Yesterday we talked with Washington Congressman Doc Hastings about the end around a congressional group hope to do on the EPA over pesticide buffer zones. On Wednesday the House passed legislation to limit EPA’s ability to issue new or revised water quality standards that supersede those states have already adopted with EPA’s ok. The bill, whose fate is still uncertain in the senate, is one of many measures House Republicans have pushed to reign in a flood of EPA rulemaking. Many Democrats charged the bill would weaken the clean water act, endanger water quality, and harm fishing and tourism…though some supported it. GOP bill manager Rob Bishop of Utah led the charge for the measure.

BISHOP: The growing excesses of the EPA in second guessing the states and retroactively revoking previously granted approvals must stop. The status quo hurts people and it does not help the value or the quantity or the quality of our water.

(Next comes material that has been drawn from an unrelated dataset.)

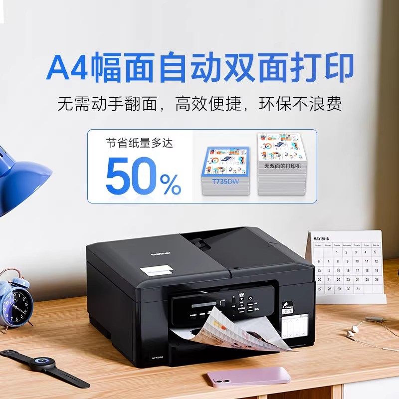 兄弟彩色打印机DCP-735dw连供墨仓式手机无线彩印照片学生喷墨复印扫描一体机小型家用办公专用435W T436W

The White House issued a veto threat against the GOP bill, charging it would weaken the Clean Water Act and could harm public health, the economy and the environment. Bishop called the EPA’s actions a “taking” of private land without compensation—and gave the example of a beet farmer whose land the EPA claimed was wetland.

BISHOP: For Gene, this farm was his heritage. More importantly it was his retirement and it was his legacy for his kids and what one bureaucrat using the broad powers given under the Clean Water Act was able to do is basically impose a takings on this person property without ever compensating him for it.

That’s today’s Fruit Grower Report. I’m Greg Martin on the Ag Information Network.